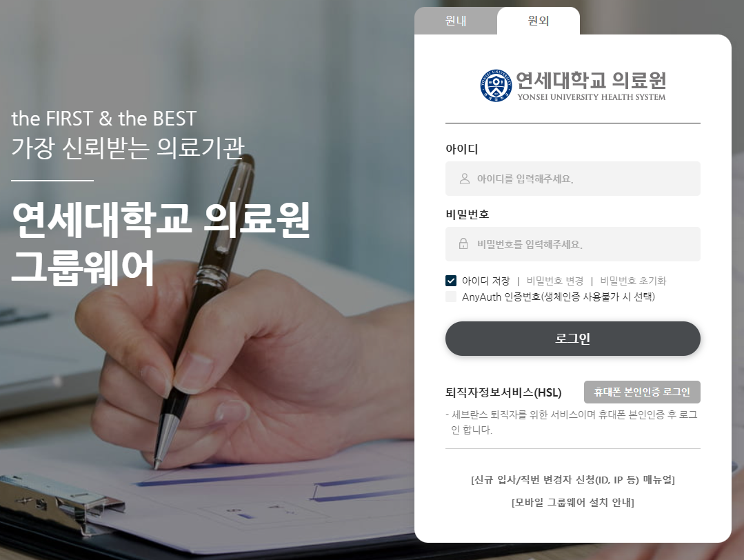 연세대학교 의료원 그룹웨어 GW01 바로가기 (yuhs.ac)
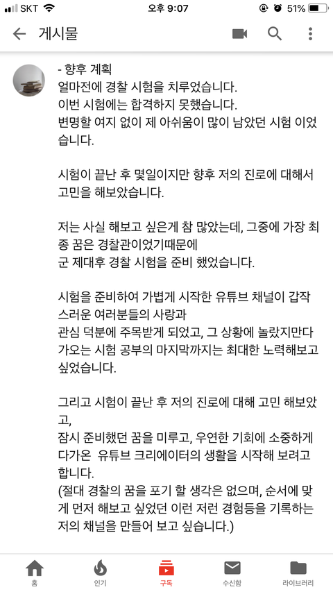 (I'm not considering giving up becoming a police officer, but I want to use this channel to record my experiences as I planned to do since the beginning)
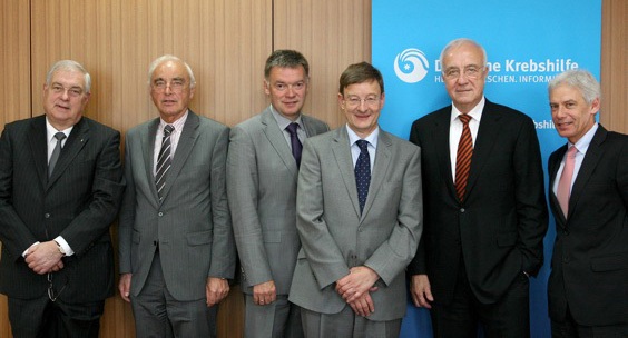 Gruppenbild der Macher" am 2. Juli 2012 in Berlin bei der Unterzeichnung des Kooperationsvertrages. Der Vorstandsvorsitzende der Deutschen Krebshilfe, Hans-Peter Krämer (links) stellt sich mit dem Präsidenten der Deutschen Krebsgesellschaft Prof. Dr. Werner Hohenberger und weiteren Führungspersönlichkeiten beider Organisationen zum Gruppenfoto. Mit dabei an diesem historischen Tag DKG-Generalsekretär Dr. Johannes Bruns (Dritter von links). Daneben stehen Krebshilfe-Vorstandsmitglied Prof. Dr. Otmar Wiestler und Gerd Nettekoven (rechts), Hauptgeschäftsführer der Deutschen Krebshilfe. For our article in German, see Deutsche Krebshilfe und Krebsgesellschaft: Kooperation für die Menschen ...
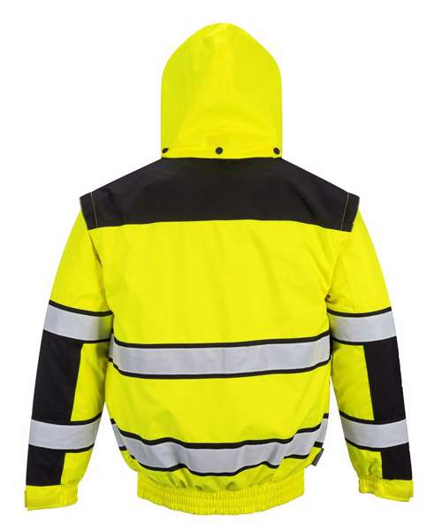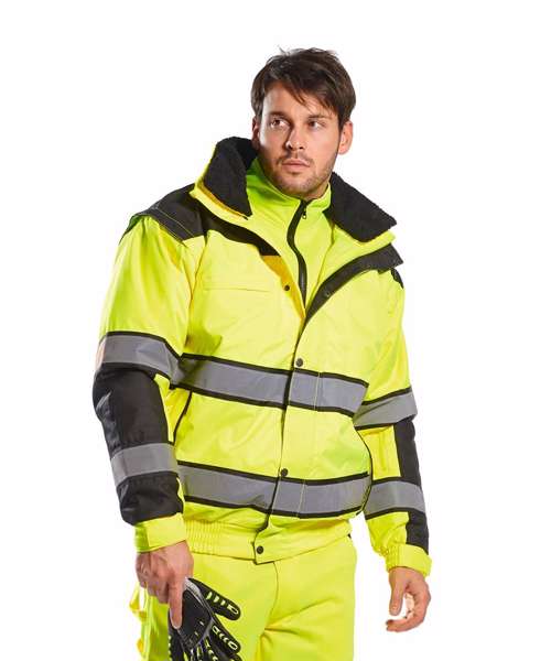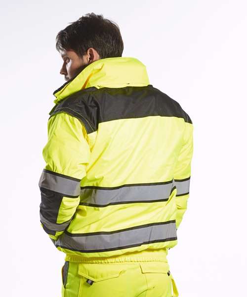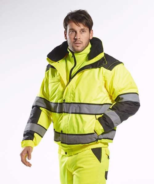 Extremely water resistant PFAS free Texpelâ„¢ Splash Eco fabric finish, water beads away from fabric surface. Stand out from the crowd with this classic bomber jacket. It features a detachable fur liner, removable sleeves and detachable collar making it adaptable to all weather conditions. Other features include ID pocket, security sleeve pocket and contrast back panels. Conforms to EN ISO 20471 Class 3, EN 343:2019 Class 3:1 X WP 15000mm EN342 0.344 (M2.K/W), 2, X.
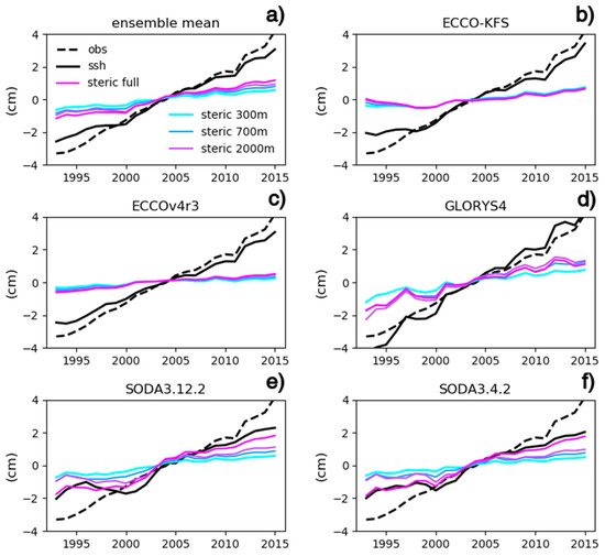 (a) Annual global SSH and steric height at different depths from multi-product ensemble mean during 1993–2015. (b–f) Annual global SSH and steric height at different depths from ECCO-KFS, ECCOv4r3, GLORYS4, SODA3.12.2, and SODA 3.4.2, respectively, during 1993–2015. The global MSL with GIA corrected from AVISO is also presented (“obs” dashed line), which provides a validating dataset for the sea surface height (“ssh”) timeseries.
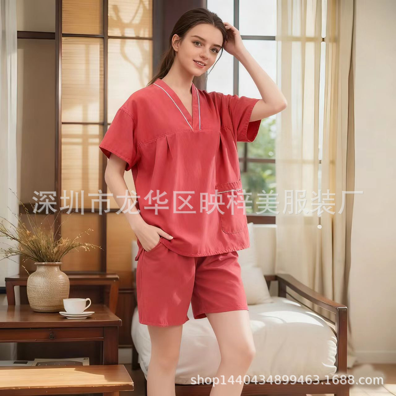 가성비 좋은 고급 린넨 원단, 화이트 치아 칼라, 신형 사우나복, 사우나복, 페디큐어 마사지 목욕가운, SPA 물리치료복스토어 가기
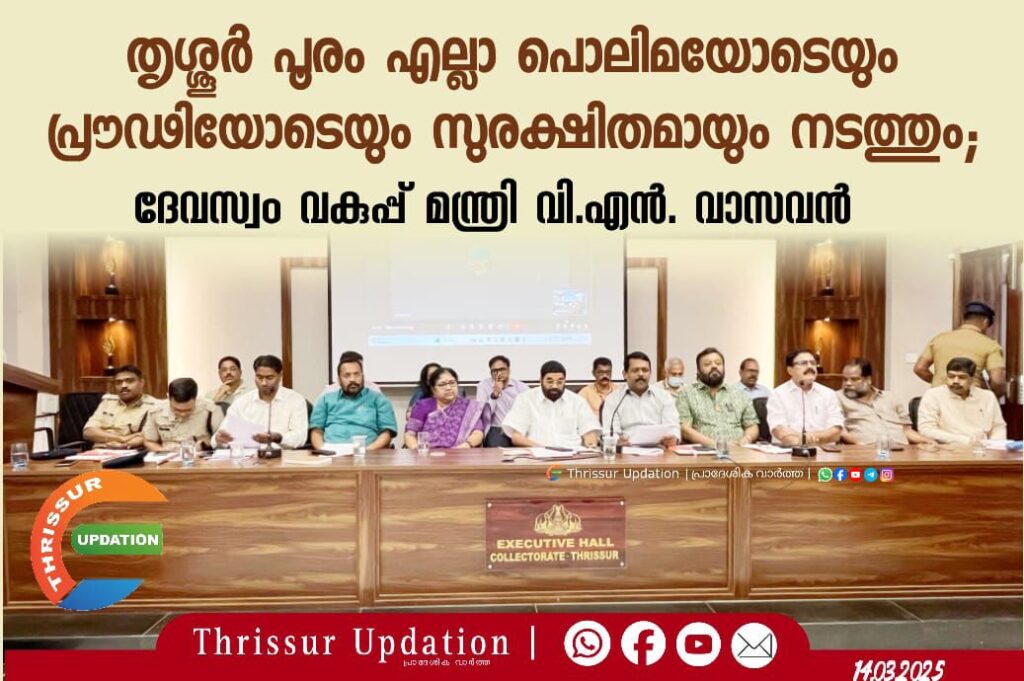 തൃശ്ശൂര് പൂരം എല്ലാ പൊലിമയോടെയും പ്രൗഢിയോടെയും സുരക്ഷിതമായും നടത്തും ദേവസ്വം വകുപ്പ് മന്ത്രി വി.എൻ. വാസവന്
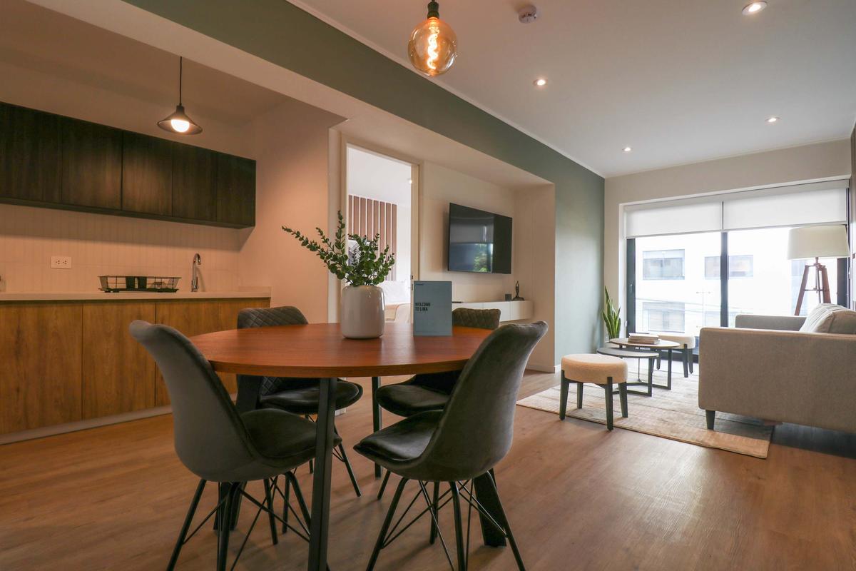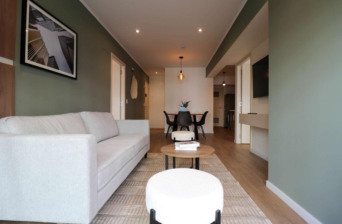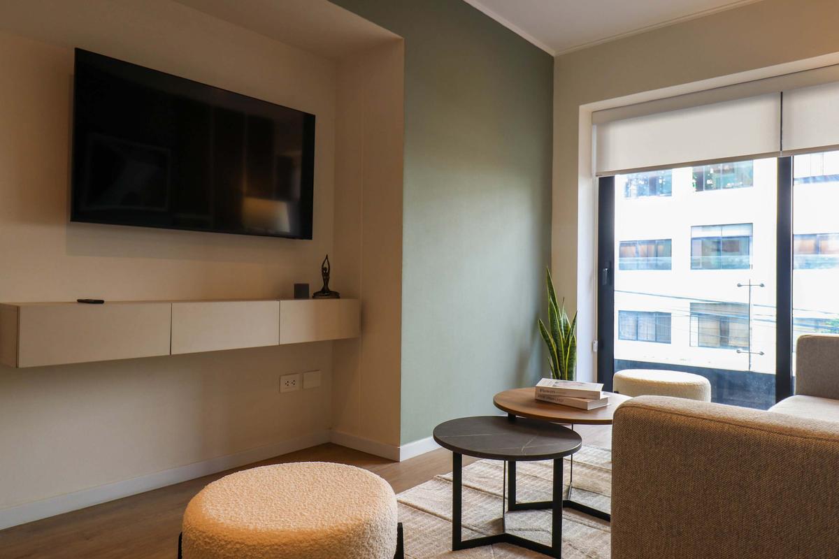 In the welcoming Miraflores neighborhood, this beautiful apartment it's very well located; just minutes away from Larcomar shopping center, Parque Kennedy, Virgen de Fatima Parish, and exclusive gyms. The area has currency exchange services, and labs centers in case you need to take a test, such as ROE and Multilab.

________________________________________

▶ [REQUIRED ACTION]: Can the lines from the start of the records through the line with "(I'm not considering" be given again exactly, with the pictures left out?

▶ [RESULT BELOW]:
 연세대학교 의료원 그룹웨어 GW01 바로가기 (yuhs.ac)
 (I'm not considering giving up becoming a police officer, but I want to use this channel to record my experiences as I planned to do since the beginning)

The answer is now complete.